Regarding claim 9, this claim recites a system for performing the method of claim 1. Claim 9 is rejected with the same rationale as claim 1 in view of Vivas teaching an embodiment as a system in Figure 1 and at [0033-0036].

Regarding claims 7 and 15, the rejection of claim 1 and 9 is incorporated herein. Furthermore, Vivas teaches
wherein the historical data elements comprise historical job postings  ([0023], second sentence describes using data associated with job listings that were "upsold" and determining the actual number of applicants.

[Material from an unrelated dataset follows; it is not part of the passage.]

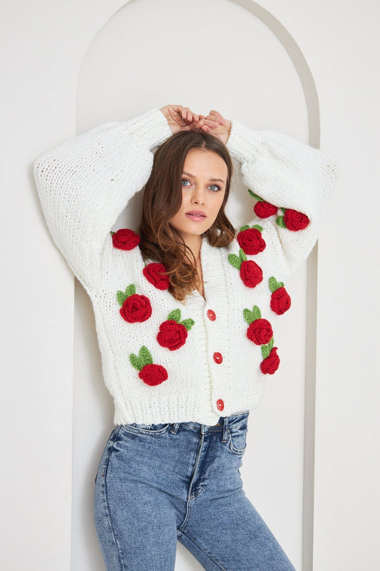 Sweter dzianinowy z haftowanym srebrnym kwiatem

That is, the data used includes historical job listing data for which past performance is known.)
and the new data element comprises a new job posting.  ([0019], last sentence describes making the predictions for the success of a job posting in real-time.)

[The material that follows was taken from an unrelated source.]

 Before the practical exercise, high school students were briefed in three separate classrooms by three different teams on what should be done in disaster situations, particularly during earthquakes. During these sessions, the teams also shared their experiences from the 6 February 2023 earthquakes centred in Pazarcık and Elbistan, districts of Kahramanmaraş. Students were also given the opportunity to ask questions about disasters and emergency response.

Regarding claims 8 and 16, the rejection of claim 1 and 9 is incorporated herein. Furthermore, Vivas teaches
wherein the response characteristic is selected from the group consisting of 
a number of clicks;  ([0018], last sentence describes the module determining "the number of applicants, views, and impressions". [0072] indicates that a "view" could be defined as an event where a user clicks on a link.)
a number of times that a web page is shared, saved or viewed;  ([0018], last sentence describes the module determining "the number of applicants, views, and impressions")
and a number of times that a user clicks on a specific button, icon or image on a web page. ([0018], last sentence describes the module determining "the number of applicants, views, and impressions". [0072] indicates that a "view" could be defined as an event where a user clicks on a link. Links include not only text, but also graphical links.)

Claims 3-4 and 11-12 are rejected under 35 U.S.C. 103 as being unpatentable the combination of Vivas, Tsyganskiy, Lu and Traupman in view of Devries et al. (US 2017/0249445 A1), hereinafter “Devries”.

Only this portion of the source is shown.